---- The data

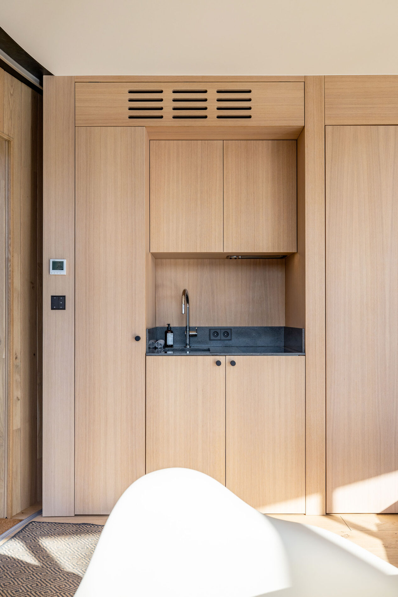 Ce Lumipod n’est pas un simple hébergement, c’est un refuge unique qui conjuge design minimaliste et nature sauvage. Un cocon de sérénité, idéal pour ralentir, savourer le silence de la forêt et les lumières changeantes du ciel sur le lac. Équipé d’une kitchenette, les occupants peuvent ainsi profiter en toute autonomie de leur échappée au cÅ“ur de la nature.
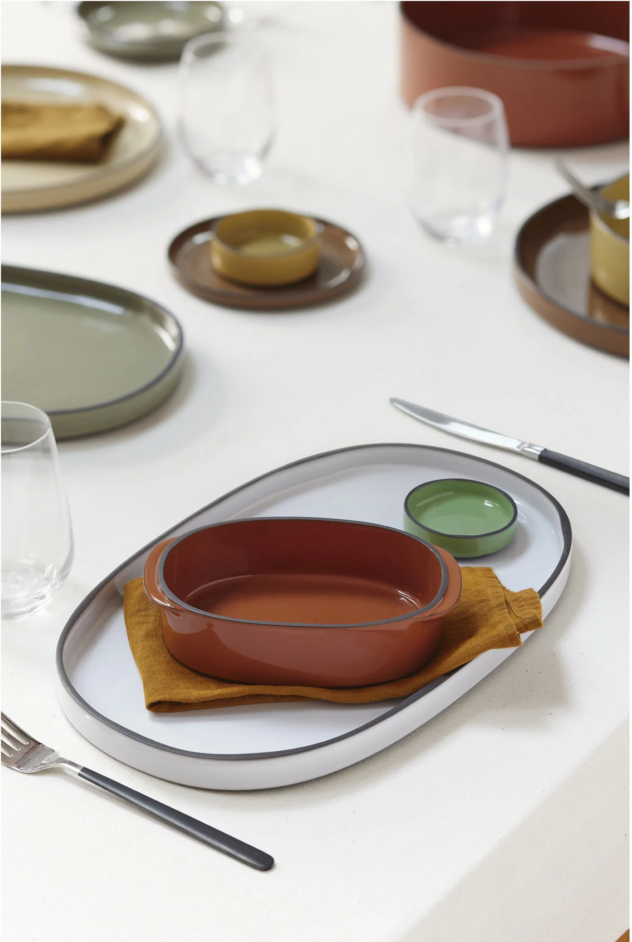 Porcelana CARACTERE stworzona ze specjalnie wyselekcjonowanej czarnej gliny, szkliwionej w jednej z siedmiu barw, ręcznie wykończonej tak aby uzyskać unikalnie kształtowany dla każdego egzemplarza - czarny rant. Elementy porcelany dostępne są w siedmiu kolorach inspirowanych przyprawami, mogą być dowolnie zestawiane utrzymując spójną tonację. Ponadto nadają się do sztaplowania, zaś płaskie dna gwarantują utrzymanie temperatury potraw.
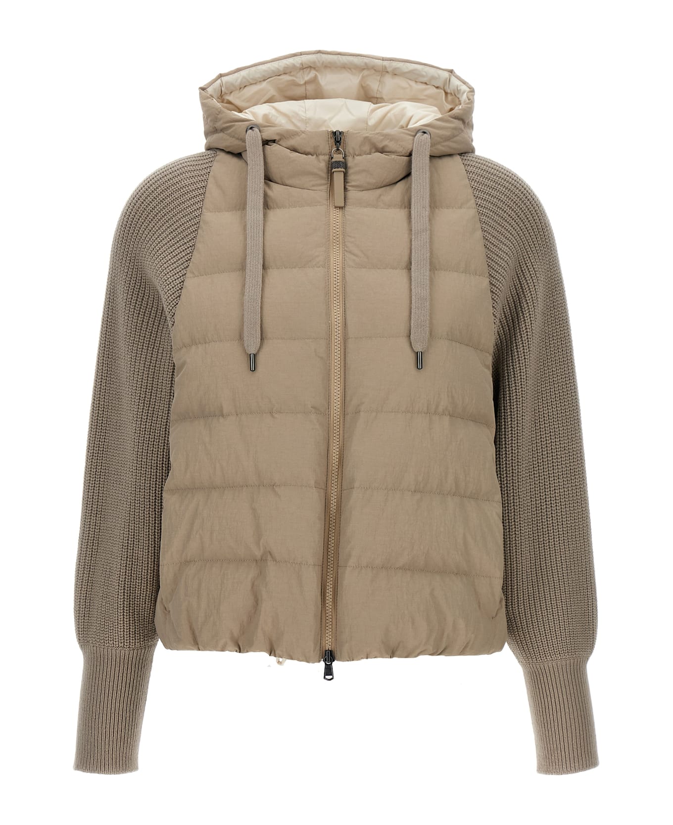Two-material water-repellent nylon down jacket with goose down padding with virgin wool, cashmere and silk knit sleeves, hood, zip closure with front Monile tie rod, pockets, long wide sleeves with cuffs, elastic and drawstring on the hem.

--------

= Try it =
Write the data above out exactly. Leave out any pictures.

= Expected output =
 Ce Lumipod n’est pas un simple hébergement, c’est un refuge unique qui conjuge design minimaliste et nature sauvage. Un cocon de sérénité, idéal pour ralentir, savourer le silence de la forêt et les lumières changeantes du ciel sur le lac. Équipé d’une kitchenette, les occupants peuvent ainsi profiter en toute autonomie de leur échappée au cÅ“ur de la nature.
 Porcelana CARACTERE stworzona ze specjalnie wyselekcjonowanej czarnej gliny, szkliwionej w jednej z siedmiu barw, ręcznie wykończonej tak aby uzyskać unikalnie kształtowany dla każdego egzemplarza - czarny rant. Elementy porcelany dostępne są w siedmiu kolorach inspirowanych przyprawami, mogą być dowolnie zestawiane utrzymując spójną tonację. Ponadto nadają się do sztaplowania, zaś płaskie dna gwarantują utrzymanie temperatury potraw.
Two-material water-repellent nylon down jacket with goose down padding with virgin wool, cashmere and silk knit sleeves, hood, zip closure with front Monile tie rod, pockets, long wide sleeves with cuffs, elastic and drawstring on the hem.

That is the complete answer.